Correlation Between EDP Renovaveis and REN Redes
Can any of the company-specific risk be diversified away by investing in both EDP Renovaveis and REN Redes at the same time? Although using a correlation coefficient on its own may not help to predict future stock returns, this module helps to understand the diversifiable risk of combining EDP Renovaveis and REN Redes into the same portfolio, which is an essential part of the fundamental portfolio management process.
By analyzing existing cross correlation between EDP Renovaveis and REN Redes, you can compare the effects of market volatilities on EDP Renovaveis and REN Redes and check how they will diversify away market risk if combined in the same portfolio for a given time horizon. You can also utilize pair trading strategies of matching a long position in EDP Renovaveis with a short position of REN Redes. Check out your portfolio center. Please also check ongoing floating volatility patterns of EDP Renovaveis and REN Redes.
Diversification Opportunities for EDP Renovaveis and REN Redes
-0.78 | Correlation Coefficient |
Pay attention - limited upside
The 3 months correlation between EDP and REN is -0.78. Overlapping area represents the amount of risk that can be diversified away by holding EDP Renovaveis and REN Redes in the same portfolio, assuming nothing else is changed. The correlation between historical prices or returns on REN Redes and EDP Renovaveis is a relative statistical measure of the degree to which these equity instruments tend to move together. The correlation coefficient measures the extent to which returns on EDP Renovaveis are associated (or correlated) with REN Redes. Values of the correlation coefficient range from -1 to +1, where. The correlation of zero (0) is possible when the price movement of REN Redes has no effect on the direction of EDP Renovaveis i.e., EDP Renovaveis and REN Redes go up and down completely randomly.

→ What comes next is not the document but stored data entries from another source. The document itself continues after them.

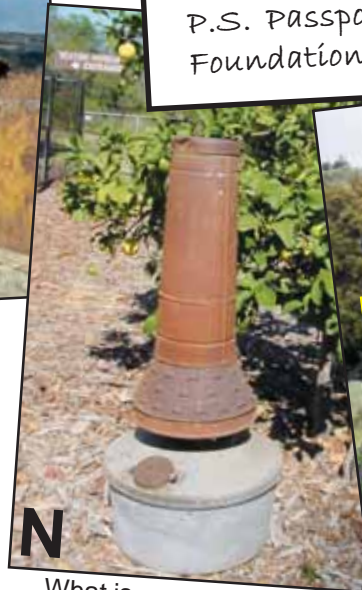
N What is a smudge pot?
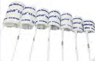
CritterCuffs - small Sizes 2.0 cm-5.5 cm Included with petMAP g3
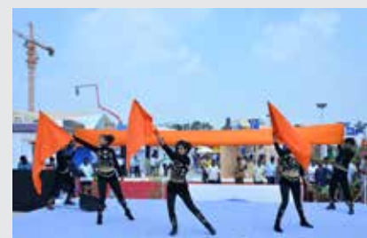
The dancers put on a scintillating performance
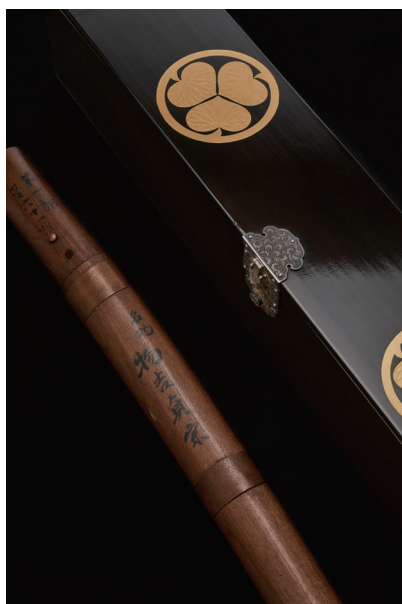
Box and shirasaya plain-wood scabbard for the short sword, Monoyoshi Sadamune

A comprehensive list of all swords ascribed with the status of meibutsu was compiled in the mid-Edo period in a document known as the Kyōhō meibutsu-chō . This catalogue is believed to have been compiled for presentation to the 8th shogun, Tokugawa Yoshimune (1684–1751), by Hon'ami Kōchū, the 13th-generation head of a family of sword polishers and appraisers active since the Muromachi period, based on his family's records. Today, the term meibutsu , in its narrowest sense, refers to the swords appearing in this Kyōhō meibutsu-chō .
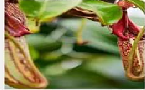
Pitcher Plants (Nepenthes)
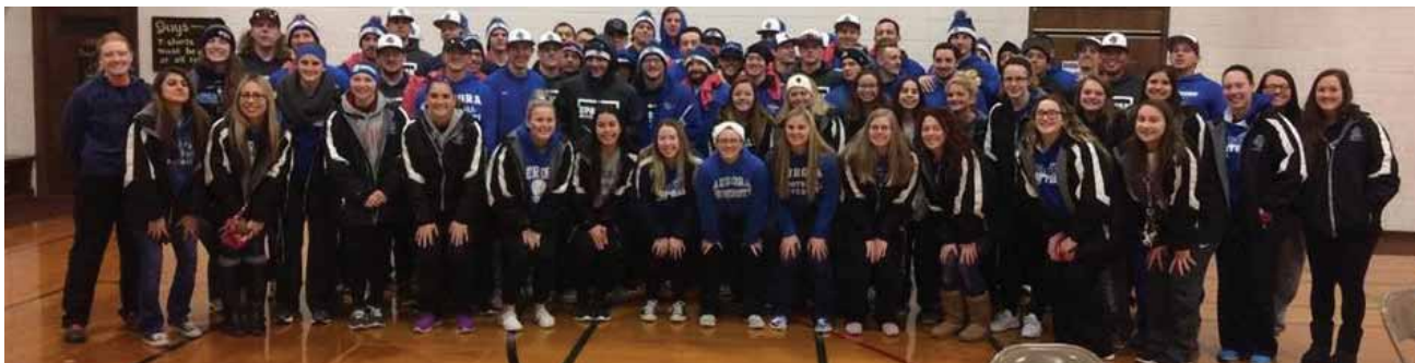
Aurora University at Walk a Mile in My Shoes 2017

P.S. There will still be a pancake breakfast (in Aurora) for those who brave the frigid temperatures. Come join the Aurora University Baseball and Softball teams!

Pair Corralation between EDP Renovaveis and REN Redes
Assuming the 90 days trading horizon EDP Renovaveis is expected to under-perform the REN Redes. In addition to that, EDP Renovaveis is 2.29 times more volatile than REN Redes. It trades about -0.1 of its total potential returns per unit of risk. REN Redes is currently generating about 0.26 per unit of volatility. If you would invest 227.00 in REN Redes on December 28, 2024 and sell it today you would earn a total of 47.00 from holding REN Redes or generate 20.7% return on investment over 90 days.
Time Period | 3 Months [change] |
Direction | Moves Against |
Strength | Weak |
Accuracy | 100.0% |
Values | Daily Returns |
EDP Renovaveis vs. REN Redes
Performance |
Timeline |
EDP Renovaveis |
REN Redes |
EDP Renovaveis and REN Redes Volatility Contrast
Predicted Return Density |
Returns |
Pair Trading with EDP Renovaveis and REN Redes
The main advantage of trading using opposite EDP Renovaveis and REN Redes positions is that it hedges away some unsystematic risk. Because of two separate transactions, even if EDP Renovaveis position performs unexpectedly, REN Redes can make up some of the losses. Pair trading also minimizes risk from directional movements in the market. For example, if an entire industry or sector drops because of unexpected headlines, the short position in REN Redes will offset losses from the drop in REN Redes' long position.EDP Renovaveis vs. EDP Energias | EDP Renovaveis vs. Galp Energia SGPS | EDP Renovaveis vs. Sonae SGPS SA | EDP Renovaveis vs. Altri SGPS SA |
REN Redes vs. Sonae SGPS SA | REN Redes vs. The Navigator | REN Redes vs. EDP Energias | REN Redes vs. NOS SGPS SA |
Check out your portfolio center.Note that this page's information should be used as a complementary analysis to find the right mix of equity instruments to add to your existing portfolios or create a brand new portfolio. You can also try the Latest Portfolios module to quick portfolio dashboard that showcases your latest portfolios.